I only did once to an extra Gentle Fumes Quad. I accidentally destroyed the Carbon, but I already have like 6 already so that was okay. Put the other 3 colors into a 15-pan palette and kept the original in the quad. I have like 13 Premade quads and I like to keep them in their original quad just as a collector's type of thing. =P


----------



## lindas1983 (Jun 23, 2008)

*Re: Does anyone depot their premade quads?*

It depends on the quad for me, the ones I feel I wouldn't really use together I depot and put in my 15 pan palette as I feel i'd be more likely to use them with my other colours, and the quads I feel I would use as a whole I keep together such as my pandamonium and gentle fumes quads.


----------



## ladyiej (Jun 24, 2008)

*Re: Does anyone depot their premade quads?*

Quote:

   Originally Posted by *Taj* 

 
_How do guys label the e/s once they are depotted to the pallette?_

 
  i write on with perm marker of put a label on the palette


----------



## ladyiej (Jun 24, 2008)

*Re: Does anyone depot their premade quads?*

i do i like keeping everything togather


----------



## BE YOUtyMARK (Jan 19, 2009)

*Help Depotting Quad?!?!*






 I just bought a MAC pallete but i have no clue on depotting my quad eyeshadow. Can someone please explain to me. I have seen a few video's on youtube but would like to know from the professionals.


----------



## jjjenko (Jan 19, 2009)

*Re: Help Depotting Quad?!?!*

...like you said..watch the youtube videos


----------



## MAC_Whore (Jan 19, 2009)

Merged with existing thread on this topic.  Please remember to do a search before posting.


----------



## ambicion6 (Jan 19, 2009)

you also get alot more space out of your 15 quads if you remove the circle dividers section.  i fit 6  more eyeshadows that way and some other smaller non-mac square ones at the very very bottom.  

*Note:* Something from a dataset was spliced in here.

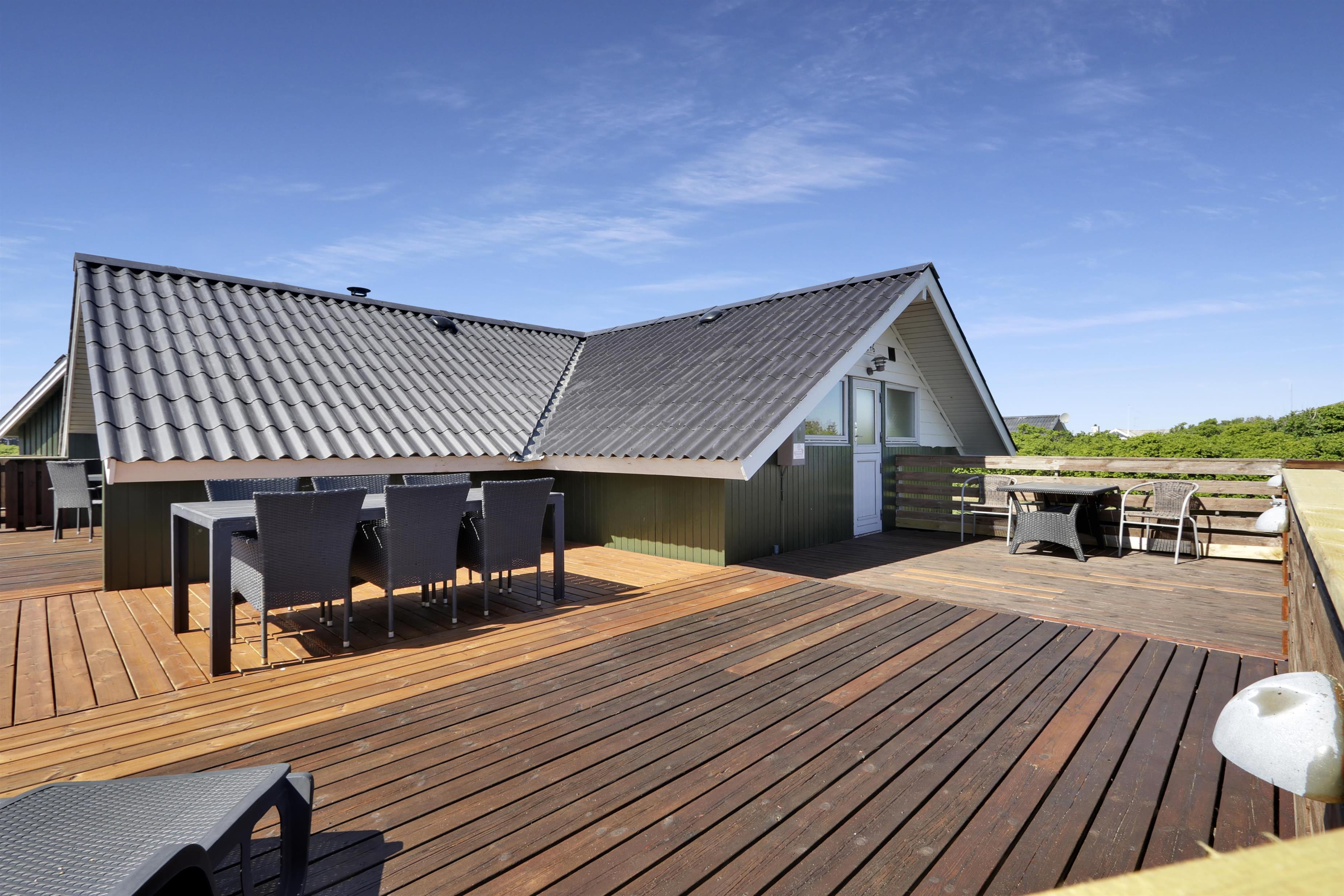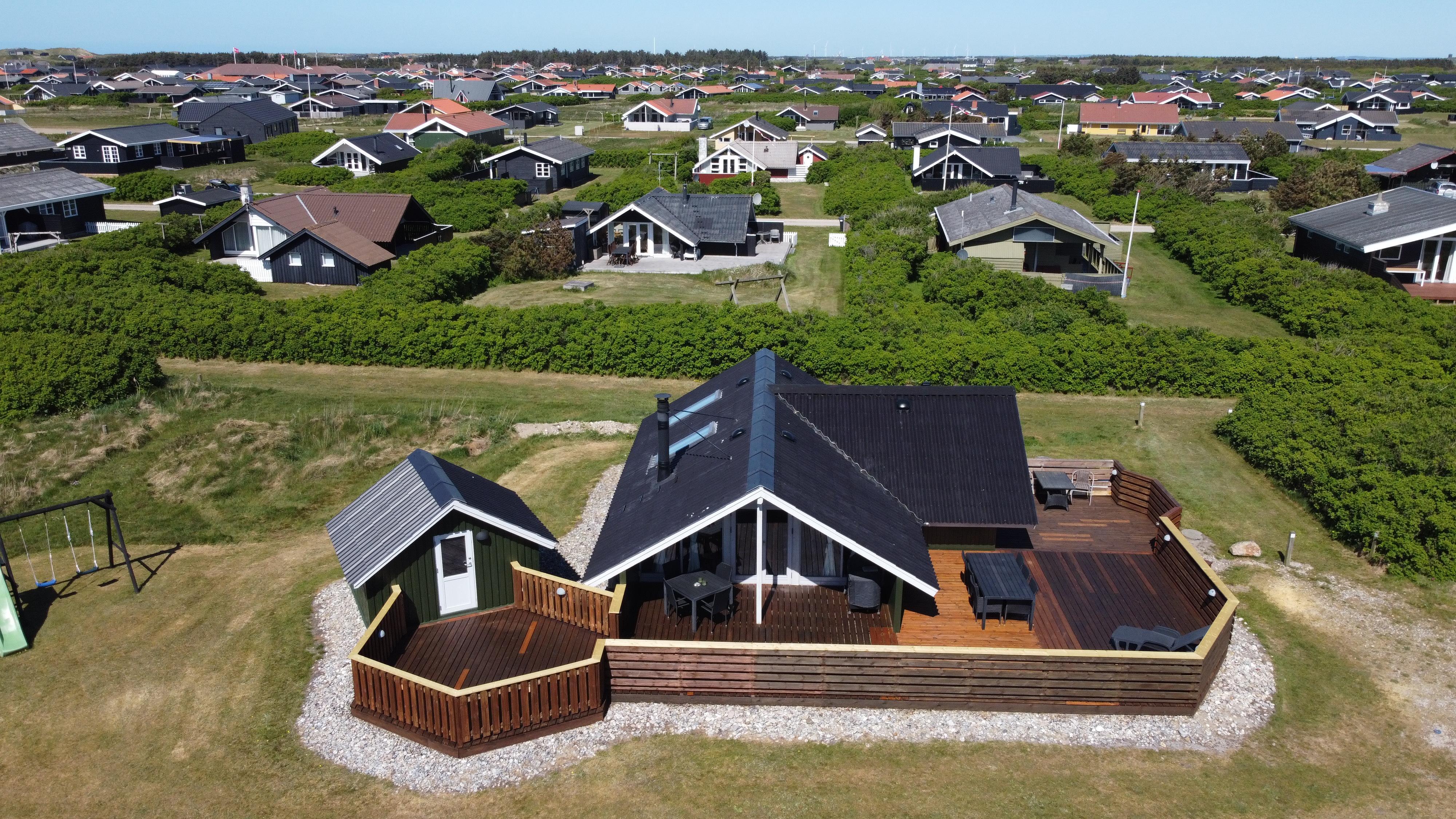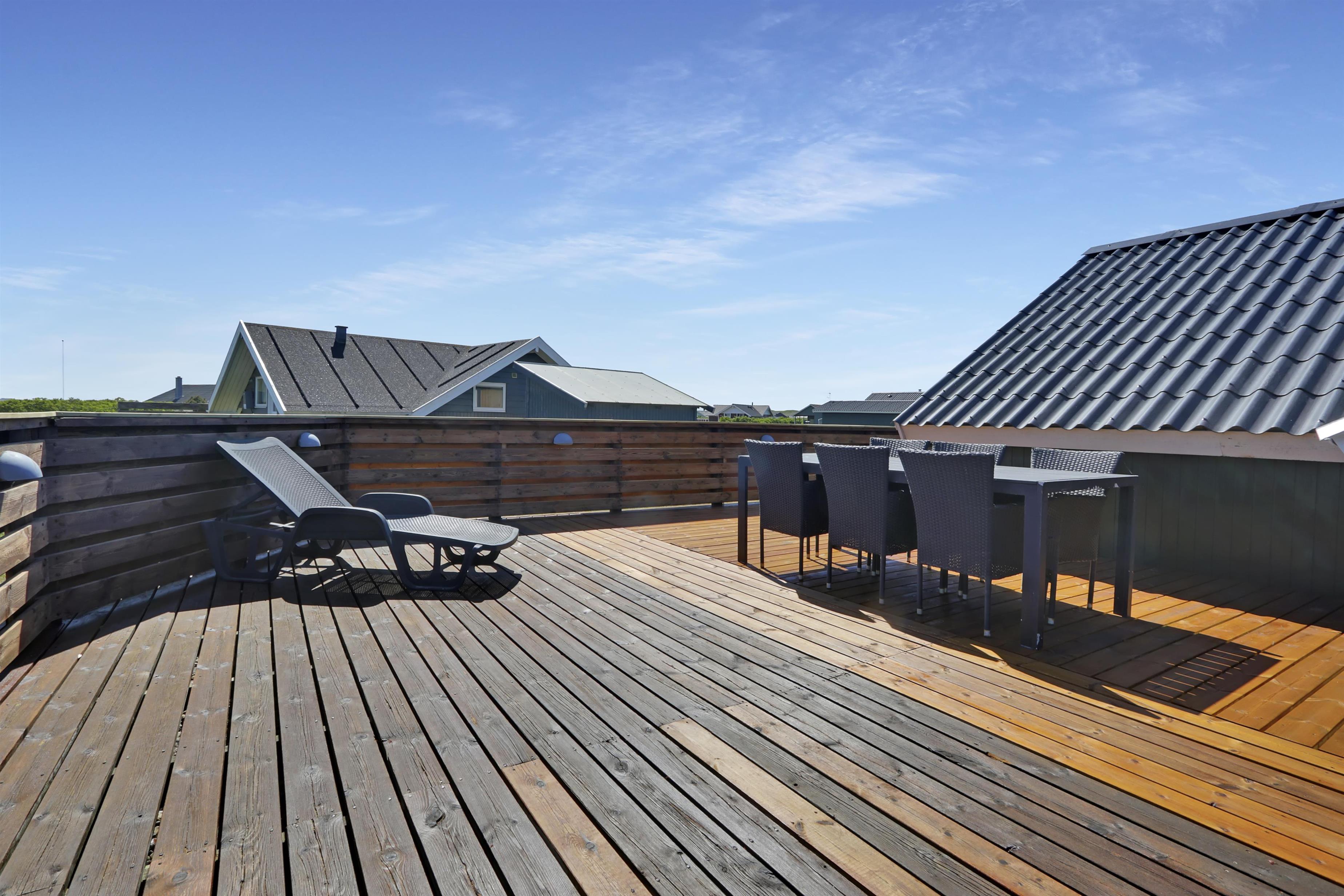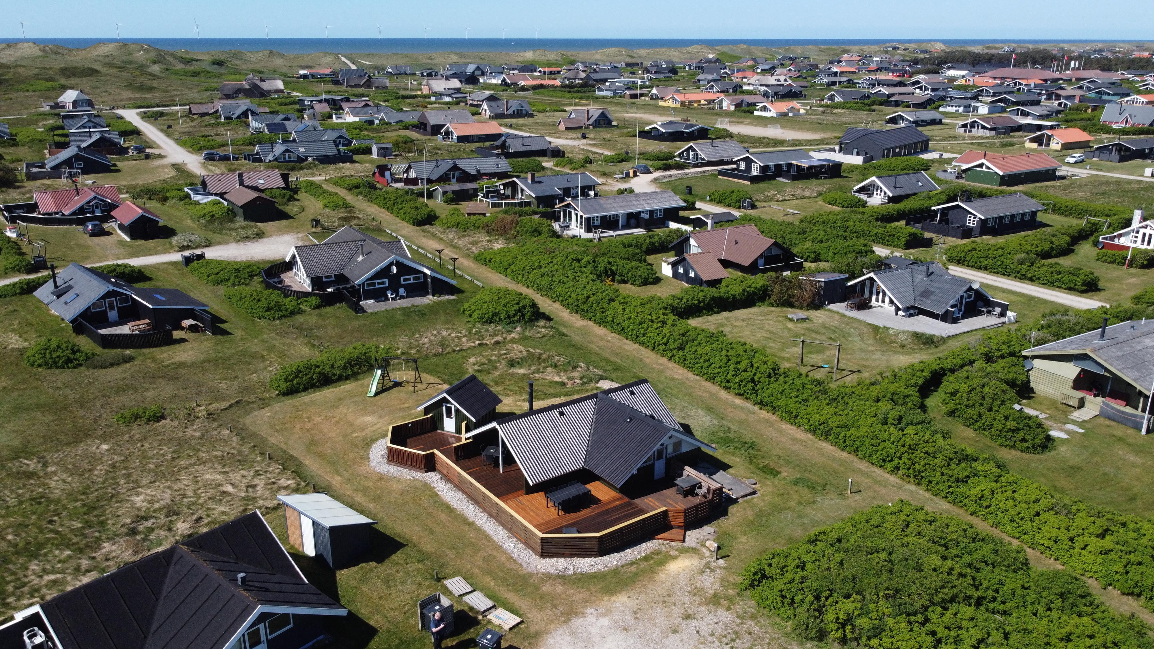 Fra stue er der udgang til et stort og lukket terrasseanlæg. Terrassen er delvis overdækket og omkranset af et stakit så børn og hunde roligt kan færdes på terrassen uden at løbe væk. Flere sæt havemøbler, liggestole og grill. Nyd her både morgen- og aftensolen i havemøblerne eller på en af de 2 solvogne. Grill er naturligvis også standard og børnene kan underholde sig med sandkassen på grunden umiddelbart lige uden for terrassen, der er desuden også et bål sted hvor man kan sidde og nyde de dejlige aftener. Huset ligger godt i forhold til vandreture hvor der hverken er langt til Ferring Sø eller Vesterhavet. I sommerhalvåret fra påske til efterårsferie er der kun cirka 600 meter til nærmeste købmand ved Vejlby Torv hvor der også er en Cafe som har åbent i sæsonen. I vinterhalvåret må man tage de 6 km til Harboøre hvor der både er en Rema1000 og en Brugs.

sometimes a little powder will migrate elsewhere but i just blow it off and to somewhat solve the problem, i added a piece of thin bubble wrap to keep everything nice and tight, kinda how most people do with the 4 quads.


----------



## lara (Jan 20, 2009)

*Re: Help Depotting Quad?!?!*

Quote:

   Originally Posted by *BE YOUtyMARK* 

 
_





 I just bought a MAC pallete but i have no clue on depotting my quad eyeshadow. Can someone please explain to me. I have seen a few video's on youtube but would like to know from the professionals. 
	

	
	
		
		

		
		
	


	


_

 
http://www.specktra.net/forum/f280/d...ds-link-48684/


----------



## Vanilla_Mint (Jan 20, 2009)

I depanned my Fafi quad and glued in the mirror and metal square from my e.l.f. quad. I just popped out the plastic insert and let alcohol dissolve the glue. Then put in the metal square, pop insert back in, viola! new, magnetic Fafi quad! Taking the mirror out was harder, took a lot more time and alcohol to soften the glue. It doesn't fully close but it's still perfect for travel.


----------